### [Exercise prompt]
Print exactly the lines that run from the first line of the material to the line containing "Create a safe", both ends included, and skip the pictures.

### [Dataset section]
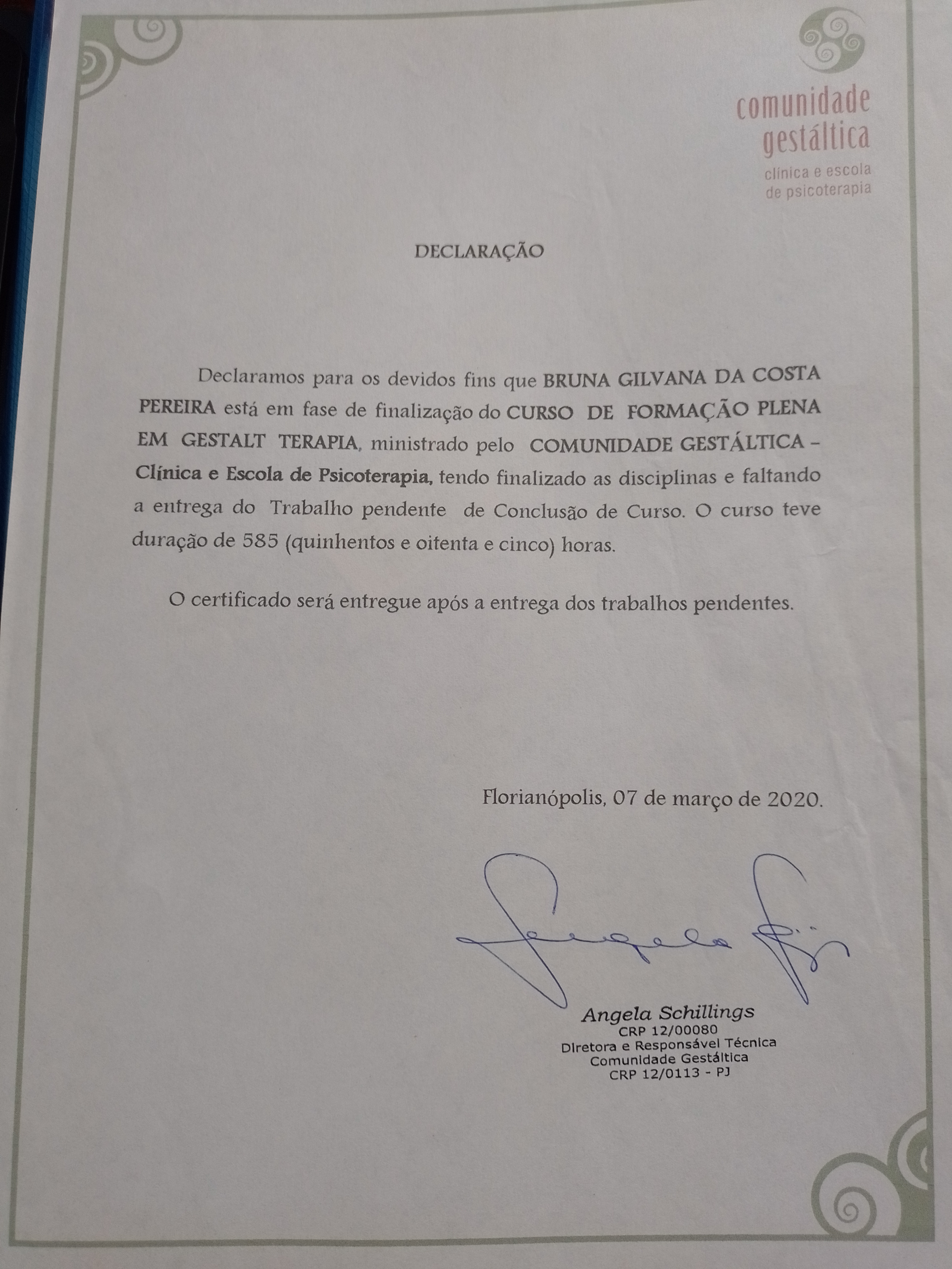 - Certificado Declaração Formação Plena em Gestalt terapia desde 2020
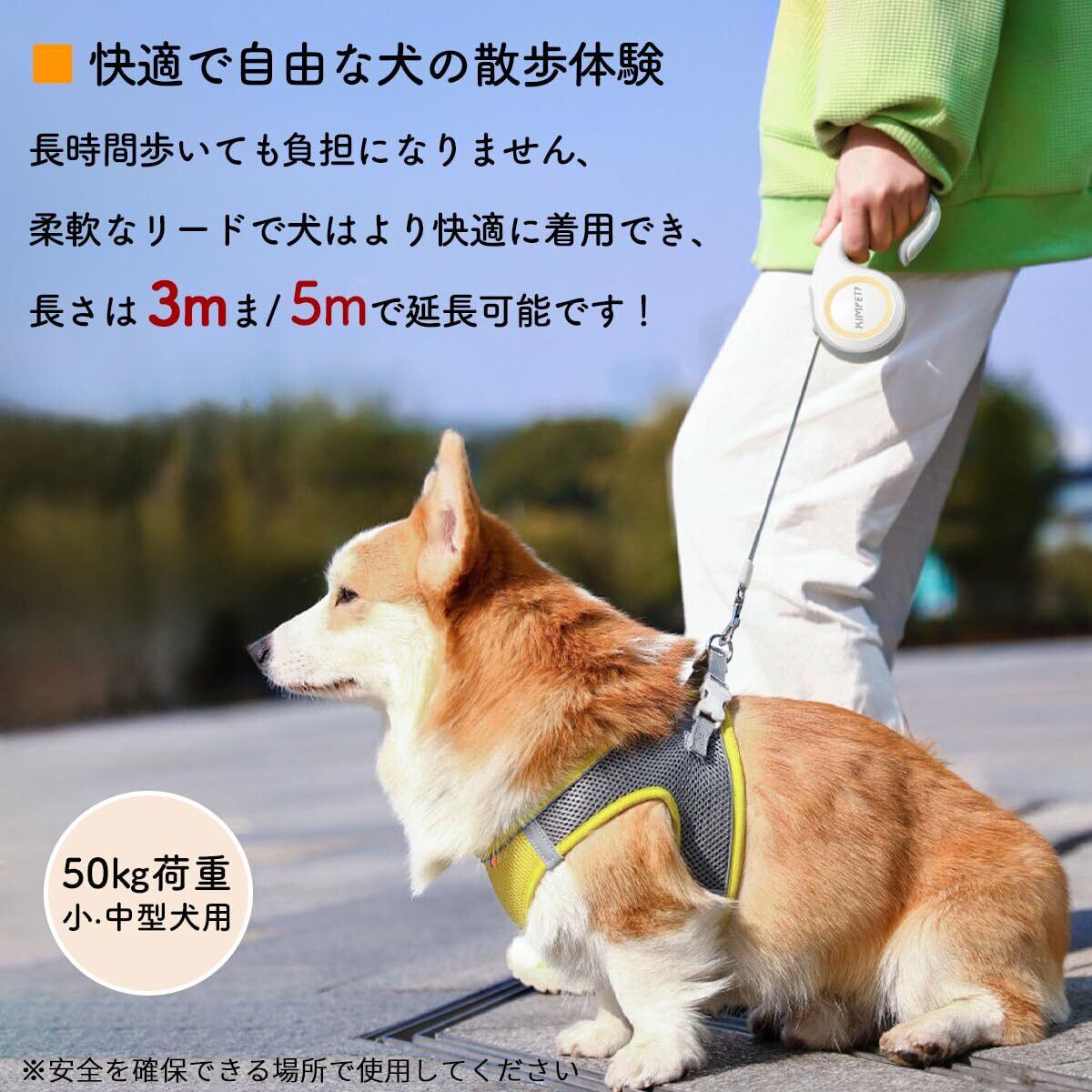 【軽量・コンパクト設計】自動巻き取り式犬用リードは3メートル/5メートルまで伸ばすことができ、非常に軽くてコンパクトなので、長時間の散歩でも負担になりません。 柔らかいなリードはペットにとって快適です。持ち運びが簡単で子供、お年寄り、女性でも楽に使えます、ペットと一緒にゆったり快適なお散歩をお楽しみください。
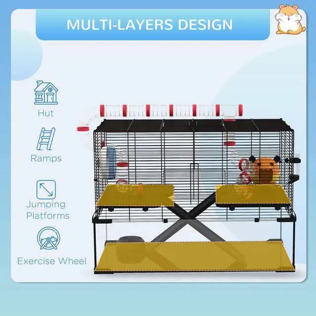Create a safe and active space for your hamster with this Aosom hamster cage. Featuring a tunnel, ramps, and multiple tiers, this cage provides plentiful space for your hamster to hike up, down, and through the tubing. Ladders, a wheel, a hut, a water fountain, and a food dish are included. Our cute dwarf hamster cage has an adorable look that will be right at home in any animal lover's interior space. Give your pet a home all their own; give your hamster a Aosom.
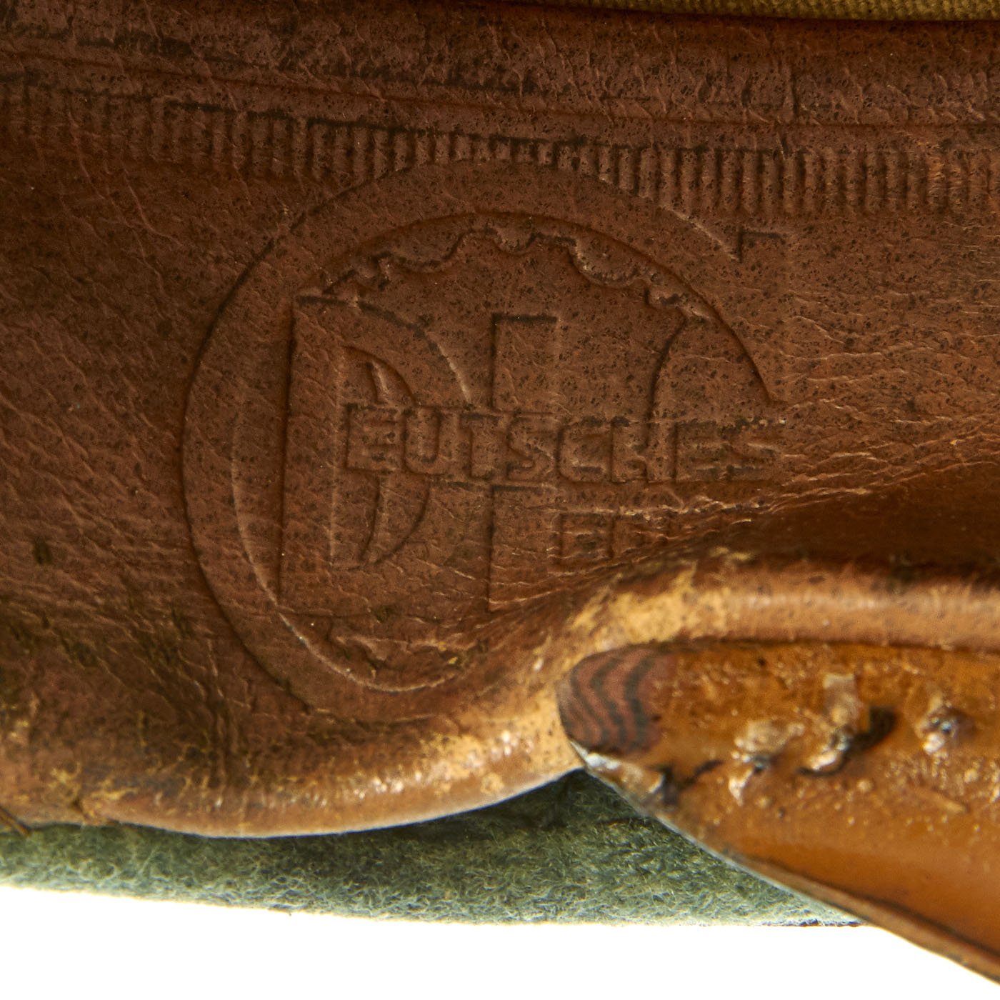 It is decorated with a well detailed silvered aluminum eagle insignia on the peak and and an open silvered aluminum oak leaf and acorn wreath surrounding a metal tri-color cockade on the band. The wreath also incorporates the "Winged Wheel" DRB emblem on the bottom, which is specific to the Railway Protection Police. The dual-buckled black leather chinstrap, designating the wearer to be an enlisted man, is attached to black lacquered buttons on either side. The vulcanfibre visor has a smooth black leather-look upper, exhibiting slight wear along the edge and is orange on the underside. The brown leather sweatband is in good supple condition and has an embossed maker mark on the left side.

### [Expected answer]
 - Certificado Declaração Formação Plena em Gestalt terapia desde 2020
 【軽量・コンパクト設計】自動巻き取り式犬用リードは3メートル/5メートルまで伸ばすことができ、非常に軽くてコンパクトなので、長時間の散歩でも負担になりません。 柔らかいなリードはペットにとって快適です。持ち運びが簡単で子供、お年寄り、女性でも楽に使えます、ペットと一緒にゆったり快適なお散歩をお楽しみください。
Create a safe and active space for your hamster with this Aosom hamster cage. Featuring a tunnel, ramps, and multiple tiers, this cage provides plentiful space for your hamster to hike up, down, and through the tubing. Ladders, a wheel, a hut, a water fountain, and a food dish are included. Our cute dwarf hamster cage has an adorable look that will be right at home in any animal lover's interior space. Give your pet a home all their own; give your hamster a Aosom.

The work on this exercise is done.